Scientific classification
- Kingdom: Animalia
- Phylum: Chordata
- Class: Reptilia
- Order: Squamata
- Suborder: Serpentes
- Family: Colubridae
- Genus: Boiga
- Species: B. ochracea
- Binomial name: Boiga ochracea (Theobald, 1868)
- Synonyms: Dipsas ochracea Theobald, 1868; Dipsas ochraceus — Günther, 1868; Dipsas hexagonotus Stoliczka, 1871; Dipsadomorphus hexagonotus — Boulenger, 1896; Boiga ochracea — M.A. Smith, 1943;

= Boiga ochracea =

- Genus: Boiga
- Species: ochracea
- Authority: (Theobald, 1868)
- Conservation status: LC
- Synonyms: Dipsas ochracea , Theobald, 1868, Dipsas ochraceus , — Günther, 1868, Dipsas hexagonotus , Stoliczka, 1871, Dipsadomorphus hexagonotus , — Boulenger, 1896, Boiga ochracea , — M.A. Smith, 1943

Species of snake

Boiga ochracea, commonly called the tawny cat snake, is a species of rear-fanged snake in the family Colubridae. The species is endemic to South Asia.

==Geographic range==
B. ochracea is found in the Andaman Islands, Bangladesh, Bhutan, India (Changlang District, Manipur), Myanmar, and Nepal.

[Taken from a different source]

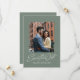 This stylish save the date features a retro inspired script "save the date" under a single photo on a classic sage green background along with simple custom text. The back of this modern save the date has a coordinating green along with a horizontal photo, room for a custom message and a QR code for your wedding website. This vertical design is great for a trendy and stylish couple and it's a great way for the engaged couple to share wedding information with friends and family. Find more colors and styles in the collection by Lea Delaveris Design. Also available as a digital save the date download.
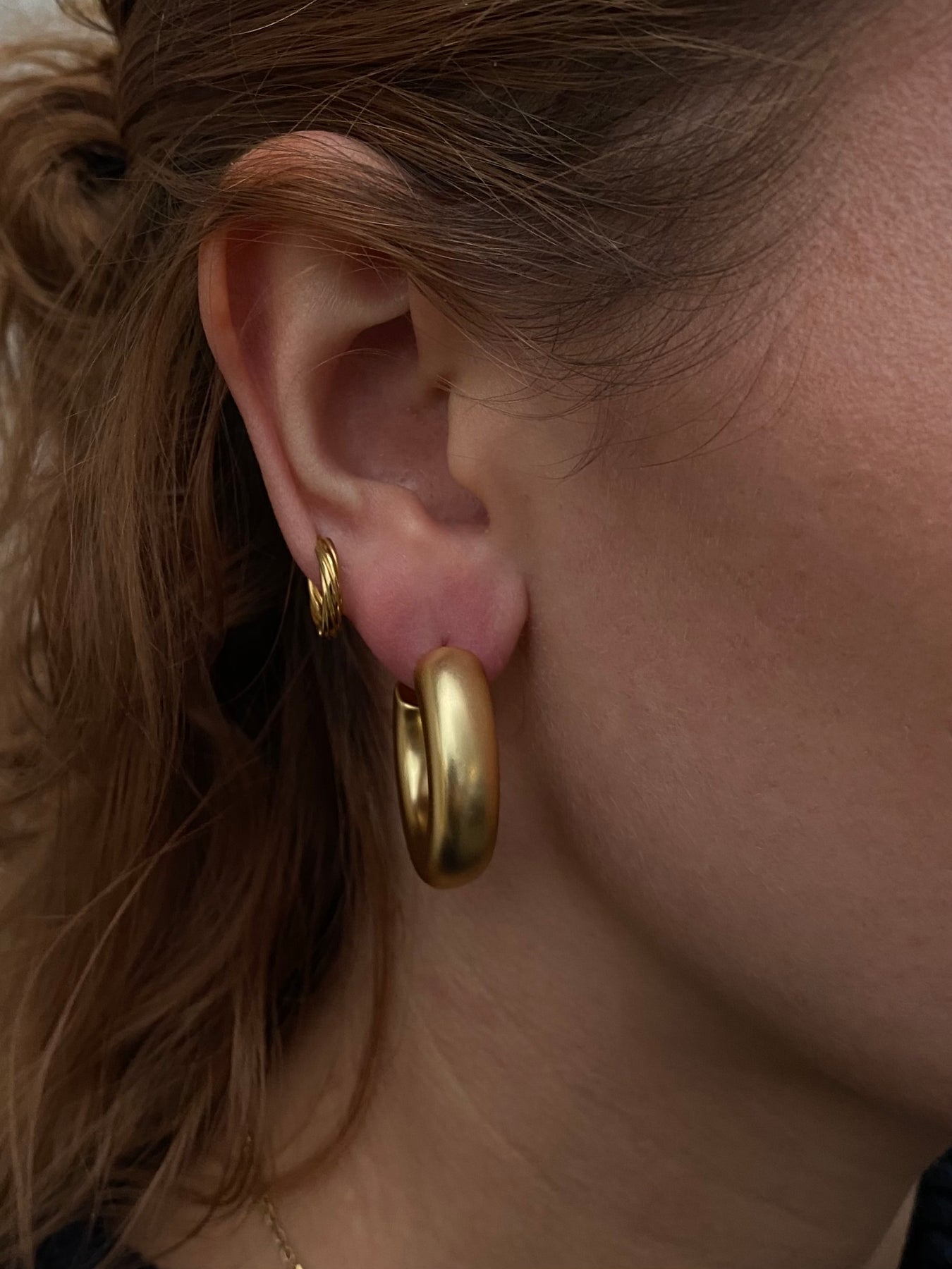 Øreringene måler 0,8cm i tykkelsen og er 3cm i diameter.

It is also found in China.

==Subspecies==
Three subspecies are recognized as being valid, including the nominotypical subspecies.
- Boiga ochracea ochracea (Theobald, 1868)
- Boiga ochracea stoliczkae (Wall, 1909)
- Boiga ochracea walli M.A. Smith, 1943

Nota bene: A trinomial authority in parentheses indicates that the subspecies was originally described in a genus other than Boiga.

==Reproduction==
B. ochracea is oviparous.

==Etymology==
The subspecific names, stoliczkae and walli, are in honor of Moravian herpetologist Ferdinand Stoliczka and British herpetologist Frank Wall, respectively.